This is part 17 of 30 of Hammertime. Click here for the intro.
You know how they say we only use 10 percent of our brains? I think we only use 10 percent of our hearts.
~ Owen Wilson
It is with some trepidation that I venture into the “fuzzy System 1” side of instrumental rationality. I worry that these introspective techniques optimize too much for cathartic eureka moments, and that the resulting feelings far overstate their true value.
Nevertheless, there is a definite power to these methods. You have subconscious beliefs, values, and strategies that you’re unaware of, or at least can’t articulate. Gendlin’s Focusing is a starting point for plumbing these hidden depths.
Day 17: Focusing
Background: “Focusing” for skeptics.
tl;dr: your brain hallucinates sensory experiences that have no correspondence to reality. Noticing and articulating these “felt senses” gives you access to the deep wisdom of your soul.
I’ll start by explaining my most gears-like model for why focusing works, and then describe some exercises towards strengthening the Focusing muscle.
One of the predictions of my model is that felt senses are only one piece of the nonverbal puzzle – the patterns in our dreams and our tastes for fiction and mythology, for instance, serve the same function. This will be the content of a future post.
Left and Right Brain
Human beings are both predator and prey. This duality is so central to human evolution that the brain is divided left and right to serve the two different purposes separately.
The left brain is the predator brain, the center for “approach” mechanisms. It’s built for tracking a particular prey animal, articulating rules about behavior, and solving concrete problems. To fix your attention on a target is to activate your left brain and get ready to hunt it down. In the direction you look, there is clarity and legibility. Over that direction, you gain power and mastery.

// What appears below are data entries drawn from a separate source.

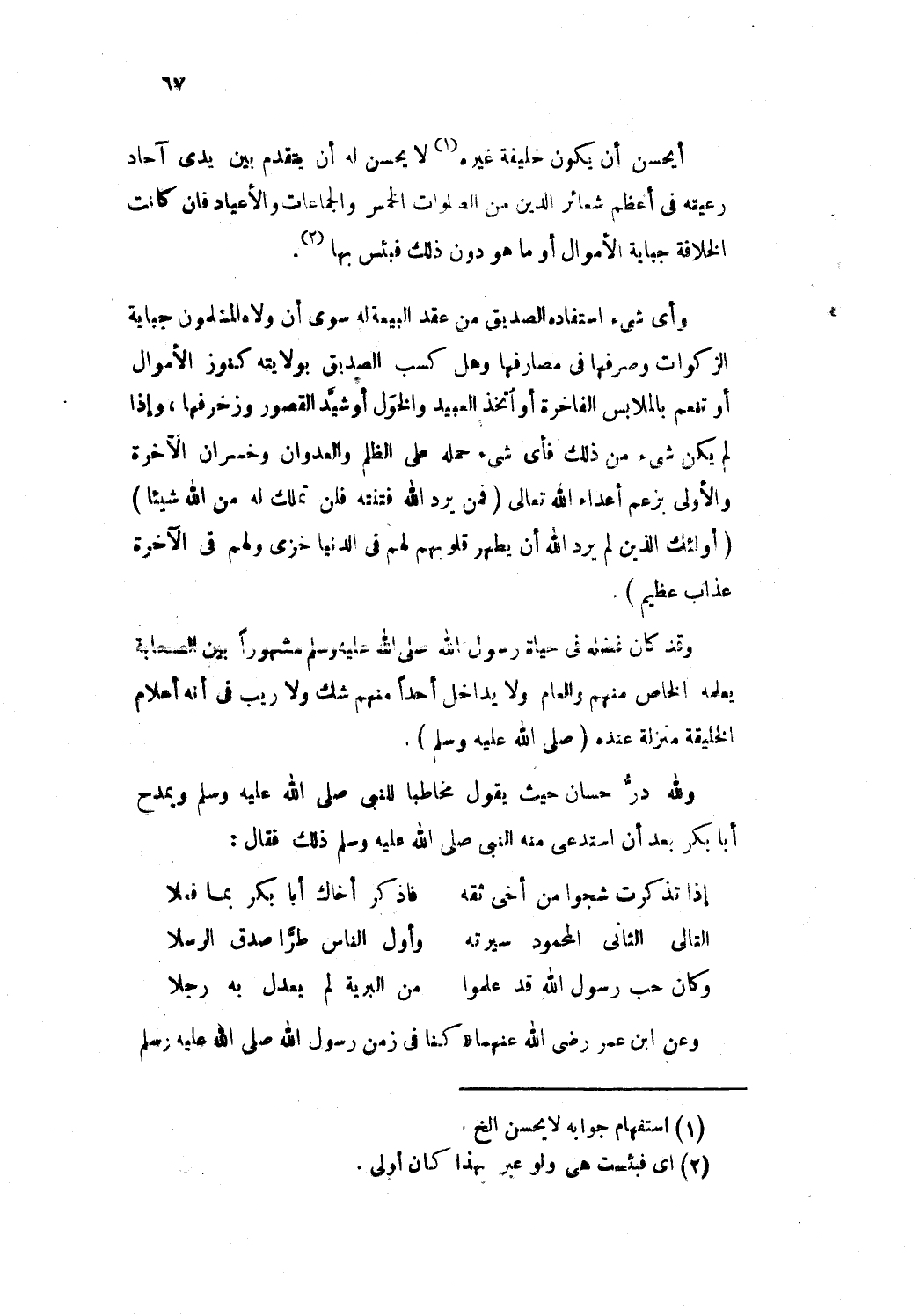 أيحسن أن يكون خليفة غيره؟ لا يحسن له أن يتقدم بين يدي آحاد رعيته في أعظم شعائر الدين من الصلوات الخمس والجماعات والأعياد، فإن كانت الخلافة جباية الأموال وما هو دون ذلك فبئس بها. وأي شيء استفاده الصديق من عقد البيعة سوى أن ولاه المسلمون جباية الزكاة وصرفها في مصارفها. وهل كسب الصديق بولايته كنوز الأموال أو تنعم بالملابس الفاخرة أو اتخذ العبيد والخول أو شيد القصور وزخرفها. وإذا لم يكن شيء من ذلك فأي شيء عمله على الظلم والعدوان وخسران الآخرة والأولى بزعم أعداء الله تعالى، {ومن يرد الله فتنته فلن تملك له من الله شيئا أولئك الذين لم يرد الله أن يطهر قلوبهم لهم في الدنيا خزي ولهم في الآخرة عذاب عظيم}.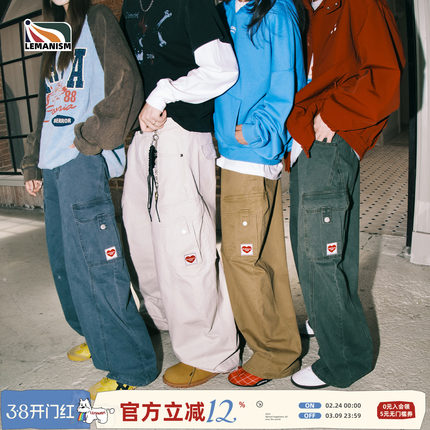 lemanism美式复古水洗工装裤男款裤子卡其色春秋季直筒休闲长裤女
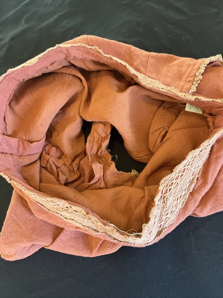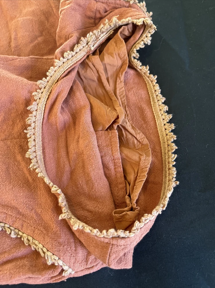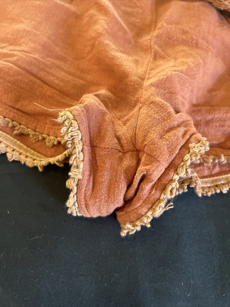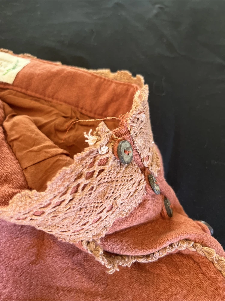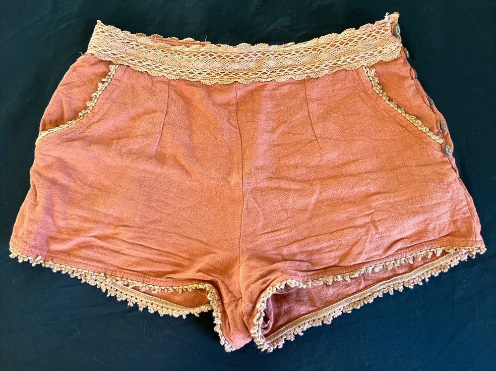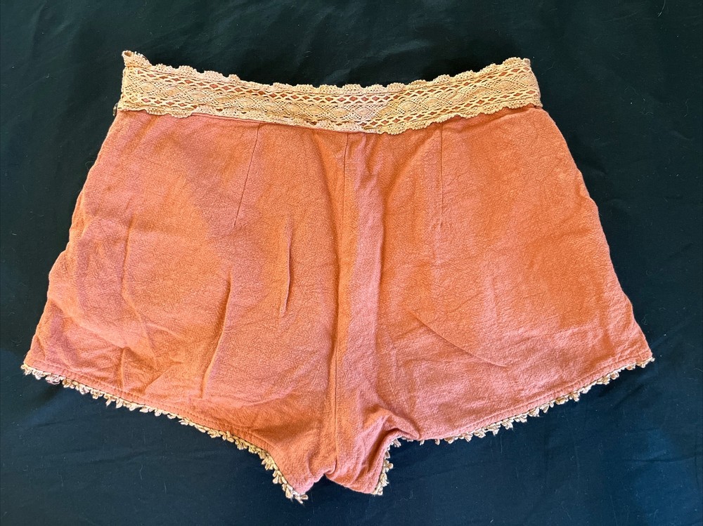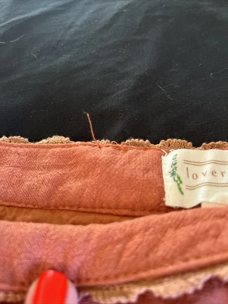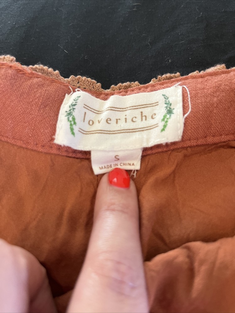 These Loveriche burnt orange canvas shorts are a must-have for any fashionista's wardrobe. The shorts are fully lined and made of 100% cotton, ensuring maximum comfort. The shorts come in a slim fit and feature a flat front and mid-rise waist with a 27-inch waist size. The shorts have a zip closure and slash pockets, making them perfect for casual occasions and travel, and can be paired with a bohemian, 70s, 80s, or 90s theme. The Alice in Wonderland, Aladdin, and Andrea characters make these shorts unique, while the solid pattern adds a classic touch. Dry clean only is recommended for garment care. Please note this item is pre-owned and may show signs of use- see photos. Measurements taken in inches with item laying flat. Waist: 13.5 Hips: 17 Waist to bottom: 10 Inseam: 1.75 Ask any questions before bidding! Check out my other listings for more great deals!
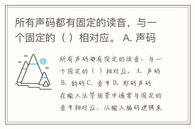 所有声码都有固定的读音,与一个固定的( )相对应。 A. 声码 B. 韵码 C. 音节 D. 形码

“Sin” derives from the Greek word for missing the mark: human beings are aiming creatures.
The right brain is the prey brain, the center for “flight” mechanisms. It’s built for hypothesizing a venomous fog of worst-case scenarios: snakes in every tree, traps under every bramble. The right brain is constantly on edge, searching for subtle clues of being tracked by a clever predator or failure mode. It operates on the things you don’t know and cannot see: the space behind your head, the shadows in dark corners, the places and concepts you circumambulate.
With its higher level of clarity and certainty, the left brain is by far the more verbal of the two, and most of your articulated knowledge resides there. The right brain, on the other hand, may have access to the most important big-picture insights about your life. The trouble is to communicate them.
When the right brain has a message to send that won’t go directly through the corpus callosum, the message manifests in other ways. You feel a tightness in your chest or a glow in your belly. Unbidden images appear to you when you close your eyes. Recurring nightmares play out the last moments of your likely doom.
Focusing is about noticing these subtle clues and completing the communication between left and right brain.
The basic idea of Focusing is to notice and track your felt senses and learn to articulate them. The most exciting thing that happens during focusing is noticing a “felt shift,” a relief or change, in the sensation once you hit upon the right words to frame it. This response is your right brain confirming that you got the message.
I’ll start by listing a few felt senses I’ve had recently:
- When I solve a problem in a creative way (e.g. fix posture by turning in the shower), there’s a sensation of enlightenment at the back of my head which literally feels like my skull is opening up. The words to this feeling are “I’ve discovered a new dimension!”
- I sometimes sit slouched over in bed for hours at a time browsing Facebook or Reddit, playing video games, or binge-watch a season of a TV show. After getting up from the slouch, my whole body is enveloped in a haze of laziness and decay. The zombie haze is thickest inside my ribs. The words to this pressure are “Symptoms of the spreading corruption.”
- A piece of my social anxiety forms a hard barrier that pushes against the center of my chest. I learned the words to this feeling from a post by Zvi: “Conform! Every time you walk outside the norm, think about the implicit accusation you’re making against everyone who didn’t try it.”
Here’s Gendlin’s Focusing check from CFAR:
- Say aloud “Everything in my life is fine,” or “I’m on track with all of my goals.”
- Pay attention to the sensations in your belly, chest, and throat. If you’re like most people, something will catch or react weirdly to the statement.
- Try to get a sense of what the feeling “sees,” and write it down.
- Imagine setting that thing aside (like putting it next to you on a park bench), and try again: “Apart from that, everything in my life is fine.” See what catches this time.
- Continue until you reach a statement that doesn’t produce a reaction, and instead rings true (e.g. “Apart from A, B, C, D, my life is fine right now.”)
Set a Yoda Timer and try the Focusing check.
Share a felt sense and its True Name.